Required action → Retype every line from the top of the entries down to the one with "submission. | ||", both included, and skip the pictures.

Dataset extract →
++++++++
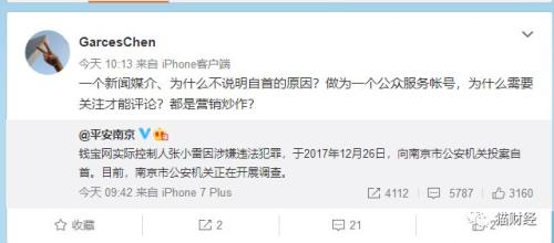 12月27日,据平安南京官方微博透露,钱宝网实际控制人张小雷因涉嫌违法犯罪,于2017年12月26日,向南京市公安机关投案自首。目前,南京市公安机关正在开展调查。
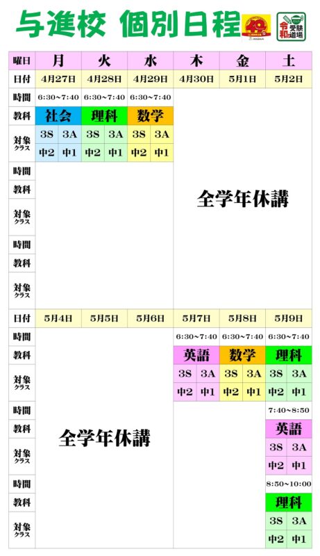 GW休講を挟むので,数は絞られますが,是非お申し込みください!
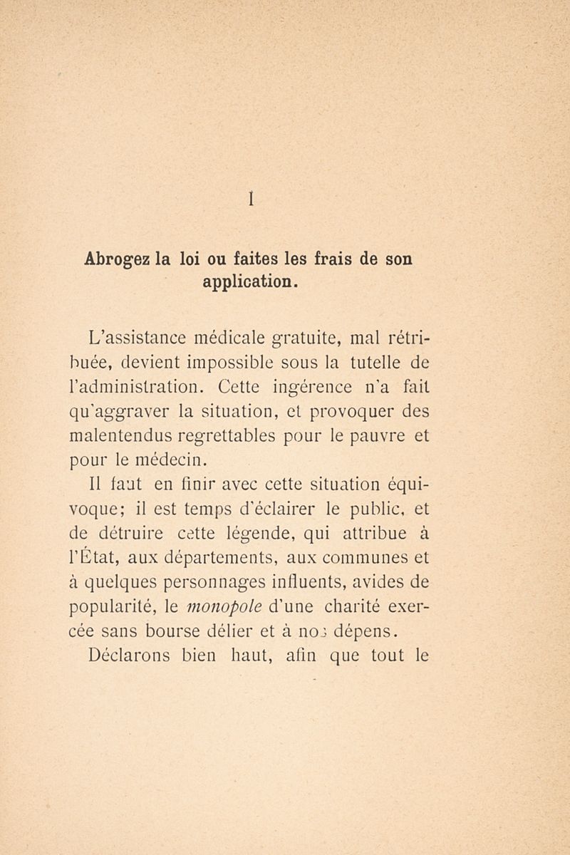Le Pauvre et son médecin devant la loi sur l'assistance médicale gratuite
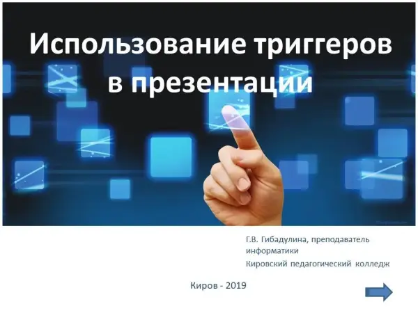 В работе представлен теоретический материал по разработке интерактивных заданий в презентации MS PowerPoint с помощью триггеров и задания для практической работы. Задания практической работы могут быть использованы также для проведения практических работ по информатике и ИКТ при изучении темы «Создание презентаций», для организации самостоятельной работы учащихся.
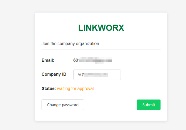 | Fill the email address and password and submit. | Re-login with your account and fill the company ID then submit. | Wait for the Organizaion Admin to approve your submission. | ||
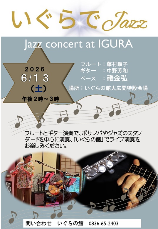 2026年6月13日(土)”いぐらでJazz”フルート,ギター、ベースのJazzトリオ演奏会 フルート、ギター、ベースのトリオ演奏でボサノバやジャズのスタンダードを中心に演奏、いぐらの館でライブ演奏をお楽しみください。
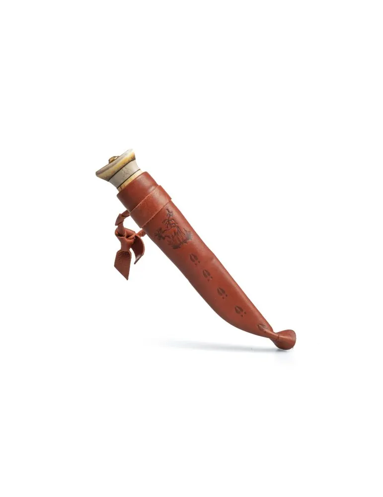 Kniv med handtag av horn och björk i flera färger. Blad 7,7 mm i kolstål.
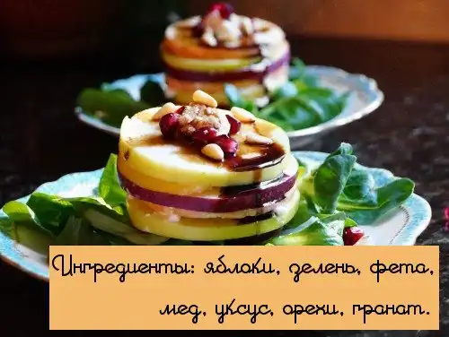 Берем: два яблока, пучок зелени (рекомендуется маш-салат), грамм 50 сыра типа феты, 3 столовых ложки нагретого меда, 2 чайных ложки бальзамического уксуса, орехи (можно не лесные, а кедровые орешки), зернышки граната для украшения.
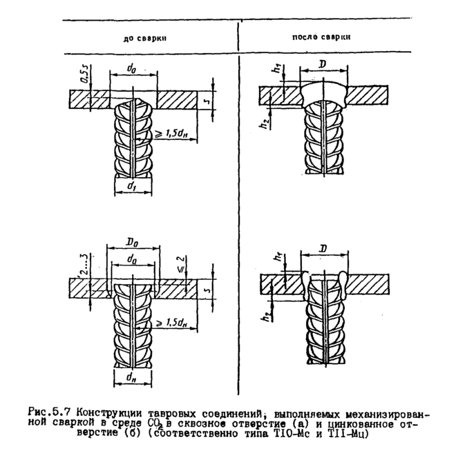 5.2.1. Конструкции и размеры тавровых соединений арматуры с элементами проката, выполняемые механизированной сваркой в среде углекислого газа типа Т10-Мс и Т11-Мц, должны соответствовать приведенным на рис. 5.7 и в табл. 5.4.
++++++++
Solution to this task →
 12月27日,据平安南京官方微博透露,钱宝网实际控制人张小雷因涉嫌违法犯罪,于2017年12月26日,向南京市公安机关投案自首。目前,南京市公安机关正在开展调查。
 GW休講を挟むので,数は絞られますが,是非お申し込みください!
Le Pauvre et son médecin devant la loi sur l'assistance médicale gratuite
 В работе представлен теоретический материал по разработке интерактивных заданий в презентации MS PowerPoint с помощью триггеров и задания для практической работы. Задания практической работы могут быть использованы также для проведения практических работ по информатике и ИКТ при изучении темы «Создание презентаций», для организации самостоятельной работы учащихся.
 | Fill the email address and password and submit. | Re-login with your account and fill the company ID then submit. | Wait for the Organizaion Admin to approve your submission. | ||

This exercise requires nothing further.